The core challenge in defending TS-LLMs against AEs stems from two factors: (1) adversarial perturbations are optimized holistically across the entire input sequence, exploiting global temporal dependencies, which renders local anomaly detection methods ineffective; and (2) unlike traditional forecasting models with fixed input dimensions, TS-LLMs natively accept variable-length sequences, adding complexity to establishing a consistent detection baseline. Existing defenses, such as adversarial training or input purification, are often computationally prohibitive for large LLMs, may degrade model performance on clean data, or require knowledge of the attack strategy, making them impractical for real-world IoE settings where models are often black-box APIs.

To overcome these challenges, the authors propose “ILID” (Length Independence-based Detection), a novel plug-in detection framework that turns a unique property of TS-LLMs—their flexibility in handling variable input lengths—into a defensive strength. The method is grounded in the insight that adversarial perturbations are meticulously crafted for a specific full-length input sequence. When that sequence is randomly subsampled into shorter, differently-structured segments, the carefully engineered perturbations fail to transfer consistently across these variants. Consequently, the forecasts produced by the TS-LLM for each subsample will diverge significantly from one another for an adversarial input. In contrast, benign (non-adversarial) inputs, lacking such engineered noise, tend to produce stable and similar forecasts across different subsamples.

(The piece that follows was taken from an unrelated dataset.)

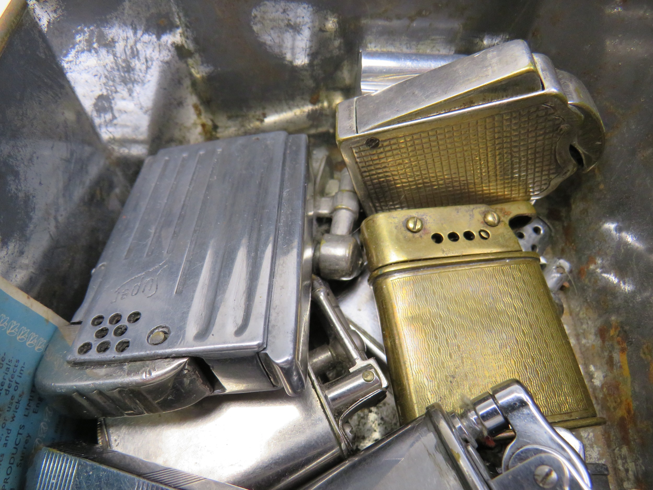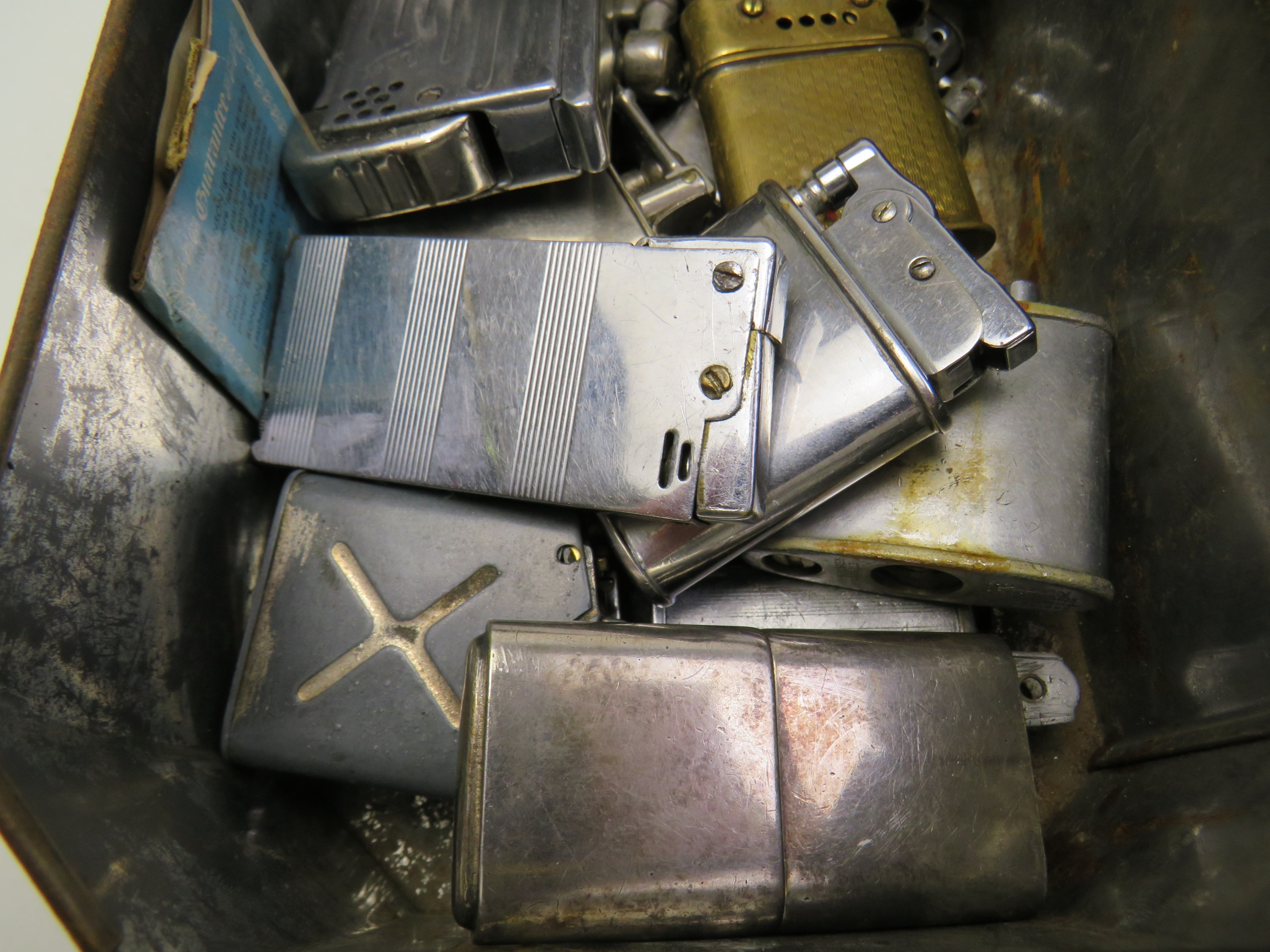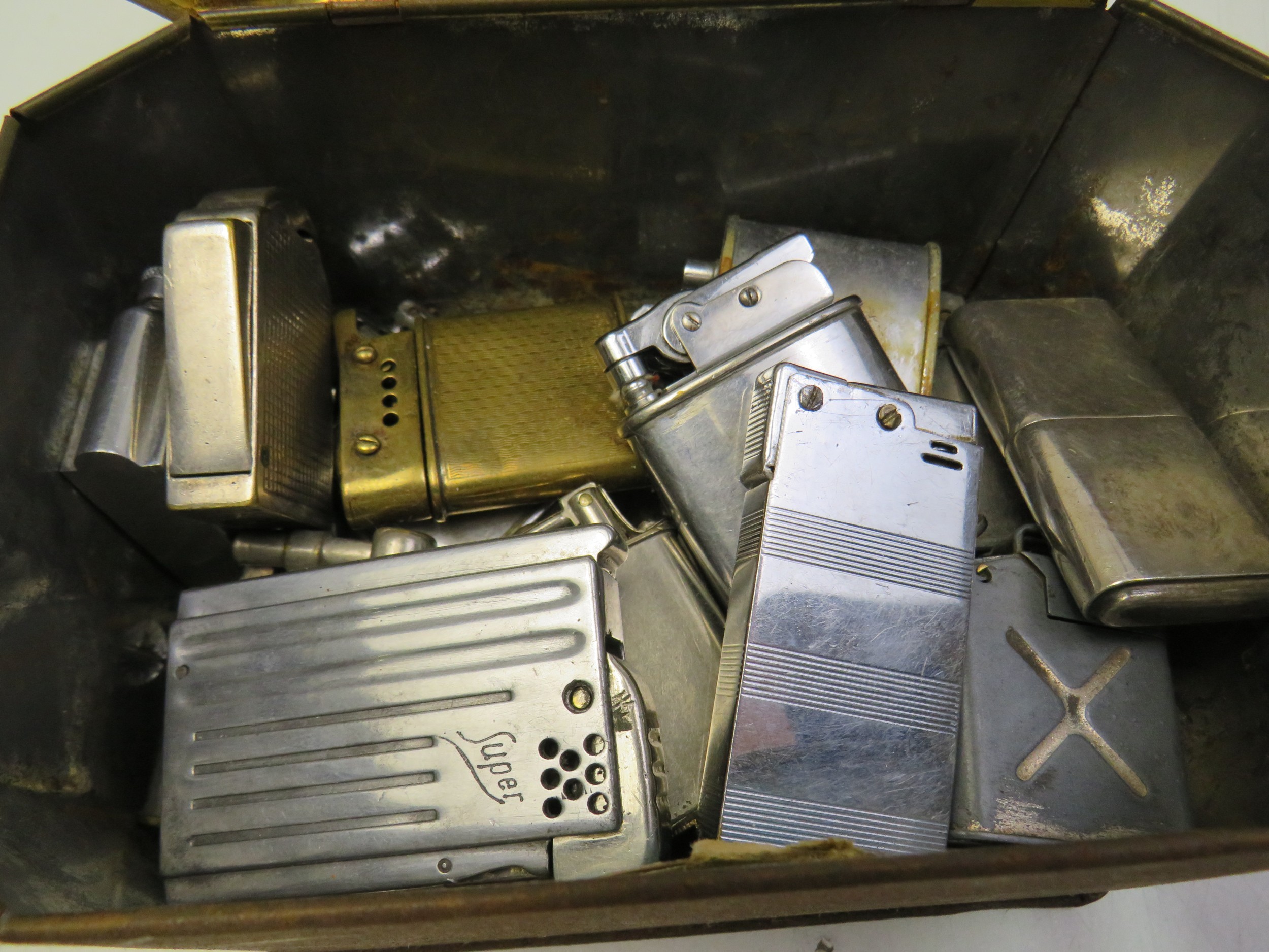 Tin box with fifteen mixed lighters, Howitt, super, Parker Quercia

The ILID framework operates in two phases. In an offline phase, a small set of clean, benign time-series data is used to calibrate the detector. For each benign sequence, multiple shortened variants are created via a sampling strategy (e.g., taking every other point). Each variant is fed into the TS-LLM to obtain a forecast. The pairwise similarity (e.g., cosine similarity) among these forecast sequences is computed, forming a distribution of similarity scores for benign data. A detection threshold is then set based on this distribution and a desired false positive rate. In the online deployment phase, any incoming input sequence undergoes the same subsampling and forecasting process. If the measured forecast similarity across its subsamples falls below the pre-determined threshold, it is flagged as a potential adversarial example; otherwise, it is classified as benign.

The proposed method offers several key advantages: It is a plug-in solution that requires no modification, retraining, or internal access to the protected TS-LLM, making it compatible with commercial APIs like TimeGPT. It is attack-agnostic, as the threshold is derived solely from benign data without requiring prior knowledge of adversarial attack methods. The inherent randomness in the subsampling process introduces uncertainty, making it more robust against adaptive attacks where an adversary might try to circumvent a known, deterministic defense.

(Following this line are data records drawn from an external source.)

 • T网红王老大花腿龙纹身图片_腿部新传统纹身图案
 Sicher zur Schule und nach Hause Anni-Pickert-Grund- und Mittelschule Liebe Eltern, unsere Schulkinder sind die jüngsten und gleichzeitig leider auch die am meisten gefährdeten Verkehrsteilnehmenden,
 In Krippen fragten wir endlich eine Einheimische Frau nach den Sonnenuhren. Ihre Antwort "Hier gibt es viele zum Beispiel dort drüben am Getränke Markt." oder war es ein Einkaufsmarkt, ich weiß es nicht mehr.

Extensive experiments validate ILID’s effectiveness. Evaluations are conducted on three prominent TS-LLMs—TimeGPT, TimesFM, and TimeLLM—using three real-world energy forecasting datasets: ETTh2 (transformer temperature), NI (hourly energy consumption), and a consumption/production dataset. The defense is tested against both practical black-box attacks (simulating access via API) and white-box attacks (with full model knowledge). Results demonstrate that ILID achieves strong detection performance (high AUROC scores) across different models, datasets, and attack strengths. The paper also includes analyses on the impact of different sampling strategies and similarity metrics, confirming the robustness of the approach. In conclusion, ILID presents a practical, lightweight, and effective safeguard that enhances the security and trustworthiness of TS-LLMs, enabling their safer adoption in critical infrastructure like modern energy systems.